One Hell of a Ride

 

Haley Shevener, CSCS, RKC2, USAW, FRCms, ACSM-CPT, Pre/Postnatal Fitness Specialist and Co-Founder of PopUplift, @popuplift

Five years ago, I walked into the birthing center of a hospital (that has since been torn down) and built walls with rigid rules of how I did - and didn’t - want to bring my son into the world. I believed in the magic and power of my body. I believed in my control. And then, my birth experience felt radically different than I had “planned”. And then, I eventually wound up with pelvic organ prolapse (POP).

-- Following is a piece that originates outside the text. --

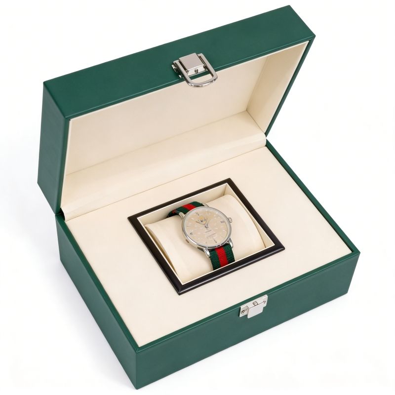 Boîte à montre de luxe personnalisée en cuir PU rigide, emballage de bijoux, insert en daim pour montre, gaufrage de logo personnalisé, prix de gros
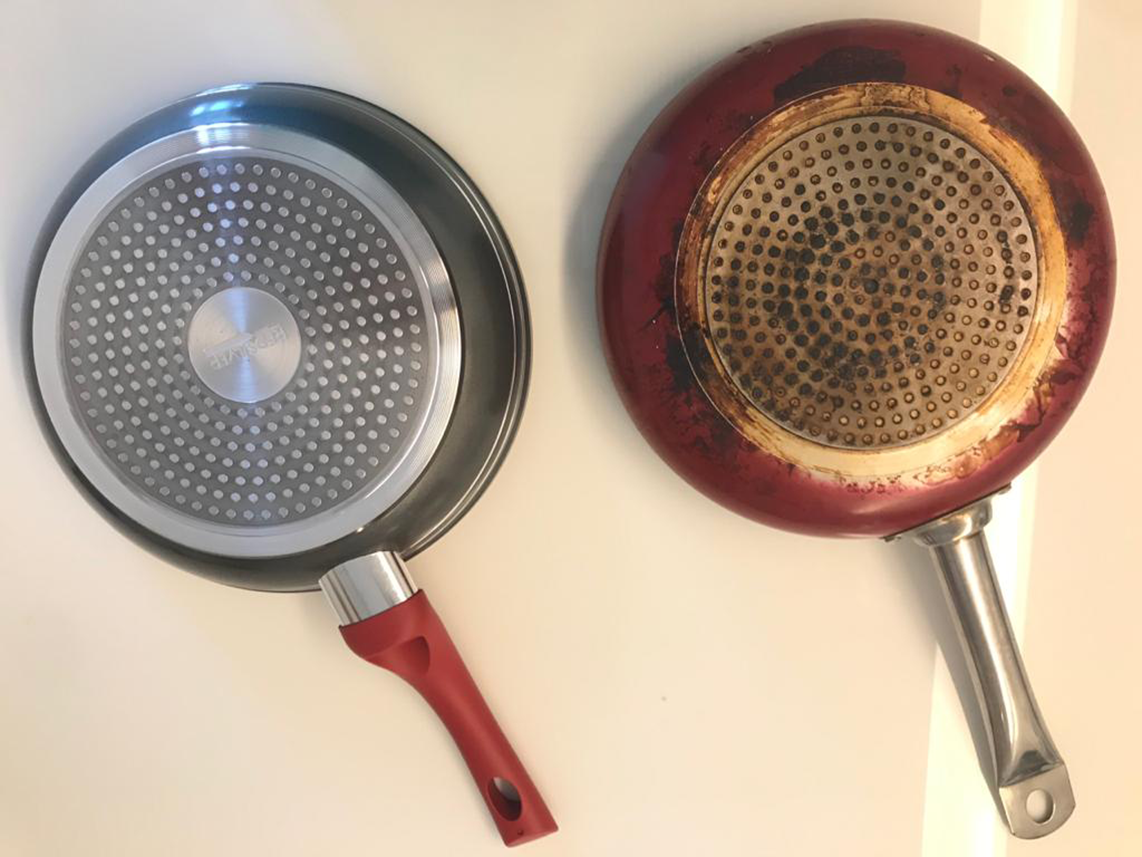 De todos os nossos testes, esse foi o principal, pois o grande diferencial dessas panelas é o fato de não precisarem de óleo. Nós fizemos o teste fritando um ovo sem usar óleo na RedSilver e comparamos com uma panela comum. A diferença foi gritante. Com a RedSilver o ovo deslizava na panela e realmente não grudou nada, enquanto que na panela comum, o ovo grudou bastante, como pode ser visto na imagem abaixo:

The dissonance between my experience and the experience I had “prepared” for felt like failure versus triumph. Soon after that, the diagnosis of POP felt like a threat to my belief in the magic and power of my body (and beyond it, really) - a threat for which I had no compelling response, conceding that my experience surely negated any faith and hope I had in myself or this process.

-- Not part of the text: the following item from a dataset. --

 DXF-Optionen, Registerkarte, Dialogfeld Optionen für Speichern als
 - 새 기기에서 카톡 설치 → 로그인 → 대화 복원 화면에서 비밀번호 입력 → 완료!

I spent a long time angrily wondering why no one told me, why I hadn’t known. This is an anger that many share and its presence is valid and justified. Without education, our ability to make informed decisions is nullified. For me, though, this anger served as a way to place blame, and that blame existed so that I didn’t have to face the lesson that birth and life and bodies are unpredictable and beyond control sometimes. If I could place blame, I could find control and certainty - the things I wanted most from the beginning.

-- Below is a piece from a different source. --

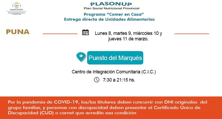 El Ministerio de Desarrollo Humano, a través de la Secretaría de Asistencia Directa y Calidad de Vida, comunicó que desde el lunes 8 de marzo se llevará a cabo la entrega de Unidades Alimentarias del Plan Social Nutricional Provincial (Pla.So.Nu.P.), a titulares de La Quiaca, Barrios, Puesto de Marqués, Pumahuasi, El Cóndor y El Aguilar.
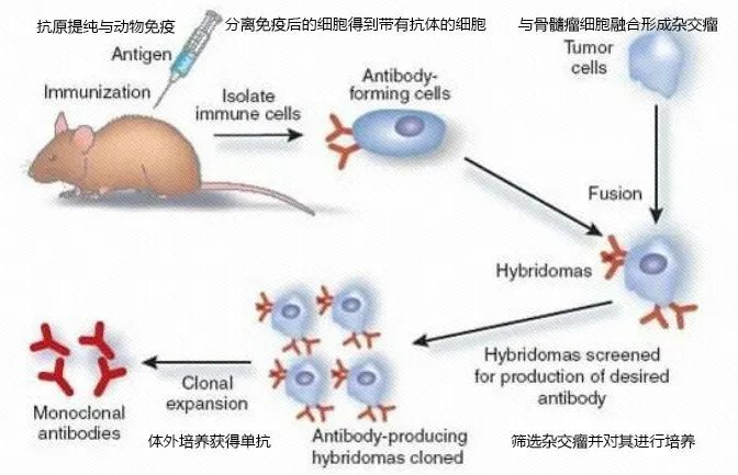 得益于抗体的发现和结构的解析,在1975年,英国科学家Kohler和Milstein以“预定特异性抗体融合细胞的持续培育”为题,首次用仙台病毒使小鼠骨髓细胞和绵羊红细胞免疫的小鼠脾细胞(B淋巴细胞)进行融合,发现形成的杂交细胞既能在体外无限增殖,又能持续的分泌特异性的抗体,通过克隆化的培养可获得纯的细胞,制备得到首个治疗性单克隆抗体-OKT3(Ortholone)开创人类利用杂交瘤技术制造单克隆抗体之先河

Mixed in with the anger, I’m choosing to learn that my body can be magical and powerful and beyond my control and chaotic. I’m choosing to find comfort in the idea that birth affects more than the new life it creates and that we don’t always get to decide the ways in which that might occur.

Yes, I continue to advocate for better education, more research, more management options, more robust support, informed consent. But this isn’t the biggest story that was born that day for me.

Five years ago today, I began subscribing to a story of choosing acceptance. It has been, and continues to be, one hell of a ride.